Project: http://git-wip-us.apache.org/repos/asf/spark/repo
Commit: http://git-wip-us.apache.org/repos/asf/spark/commit/be9d57fc
Tree: http://git-wip-us.apache.org/repos/asf/spark/tree/be9d57fc
Diff: http://git-wip-us.apache.org/repos/asf/spark/diff/be9d57fc
Branch: refs/heads/master
Commit: be9d57fc9d8b10e4234c01c06ed43fd7dd12c07b
Parents: 26145a5
Author: petermaxlee <pe...@gmail.com>
Authored: Mon Sep 19 22:19:51 2016 -0700
Committer: Reynold Xin <rx...@databricks.com>
Committed: Mon Sep 19 22:19:51 2016 -0700
----------------------------------------------------------------------
.../sql/execution/streaming/MetadataLog.scala | 1 +
.../execution/streaming/StreamExecution.scala | 7 ++++++
.../sql/streaming/StreamingQuerySuite.scala | 24 ++++++++++++++++++++
3 files changed, 32 insertions(+)
----------------------------------------------------------------------
http://git-wip-us.apache.org/repos/asf/spark/blob/be9d57fc/sql/core/src/main/scala/org/apache/spark/sql/execution/streaming/MetadataLog.scala
----------------------------------------------------------------------
diff --git a/sql/core/src/main/scala/org/apache/spark/sql/execution/streaming/MetadataLog.scala b/sql/core/src/main/scala/org/apache/spark/sql/execution/streaming/MetadataLog.scala
index 78d6be1..9e2604c 100644
--- a/sql/core/src/main/scala/org/apache/spark/sql/execution/streaming/MetadataLog.scala
+++ b/sql/core/src/main/scala/org/apache/spark/sql/execution/streaming/MetadataLog.scala
@@ -24,6 +24,7 @@ package org.apache.spark.sql.execution.streaming
* - Allow the user to query the latest batch id.

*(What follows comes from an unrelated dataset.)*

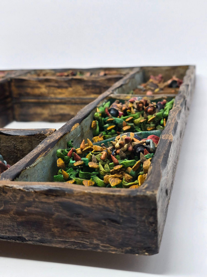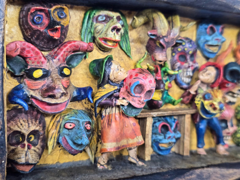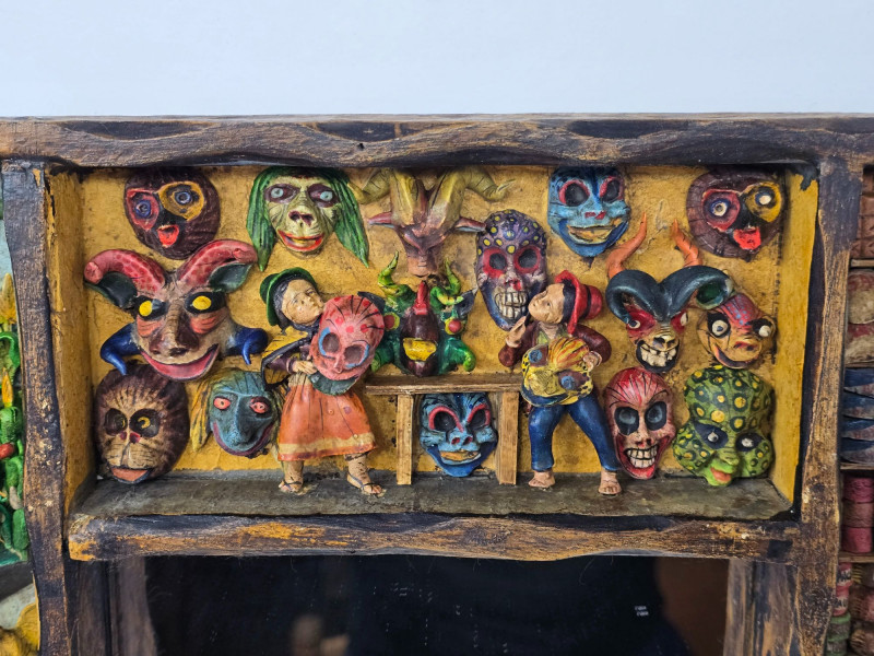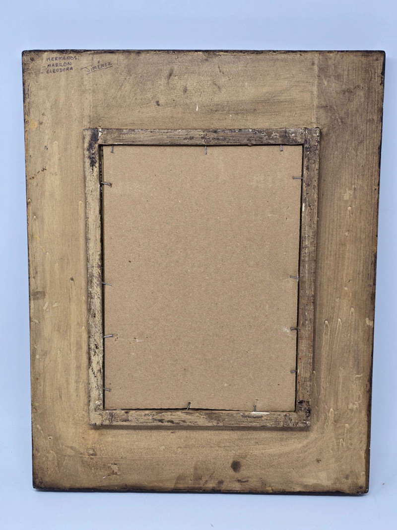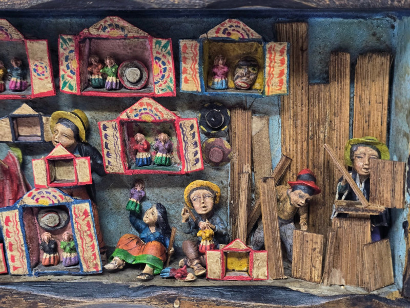 Handcrafted Peruvian wall mirror created by the artisan duo Mabilon and Eleudora Jimenez, known for their narrative folk‑art panels and detailed painted storytelling. The Jimenez family is associated with traditional Andean decorative arts, producing mirrors and retablos that blend regional history, daily life, and cultural symbolism. Their work often highlights community scenes, agricultural rhythms, and market traditions, rendered with expressive color and finely outlined figures.

* - Allow the user to query the metadata object of a specified batch id.
* - Allow the user to query metadata objects in a range of batch ids.
+ * - Allow the user to remove obsolete metadata
*/
trait MetadataLog[T] {
http://git-wip-us.apache.org/repos/asf/spark/blob/be9d57fc/sql/core/src/main/scala/org/apache/spark/sql/execution/streaming/StreamExecution.scala
----------------------------------------------------------------------
diff --git a/sql/core/src/main/scala/org/apache/spark/sql/execution/streaming/StreamExecution.scala b/sql/core/src/main/scala/org/apache/spark/sql/execution/streaming/StreamExecution.scala
index a1aae61..220f77d 100644
--- a/sql/core/src/main/scala/org/apache/spark/sql/execution/streaming/StreamExecution.scala
+++ b/sql/core/src/main/scala/org/apache/spark/sql/execution/streaming/StreamExecution.scala
@@ -290,6 +290,13 @@ class StreamExecution(
assert(offsetLog.add(currentBatchId, availableOffsets.toCompositeOffset(sources)),
s"Concurrent update to the log. Multiple streaming jobs detected for $currentBatchId")
logInfo(s"Committed offsets for batch $currentBatchId.")
+
+ // Now that we have logged the new batch, no further processing will happen for
+ // the previous batch, and it is safe to discard the old metadata.
+ // Note that purge is exclusive, i.e. it purges everything before currentBatchId.
+ // NOTE: If StreamExecution implements pipeline parallelism (multiple batches in
+ // flight at the same time), this cleanup logic will need to change.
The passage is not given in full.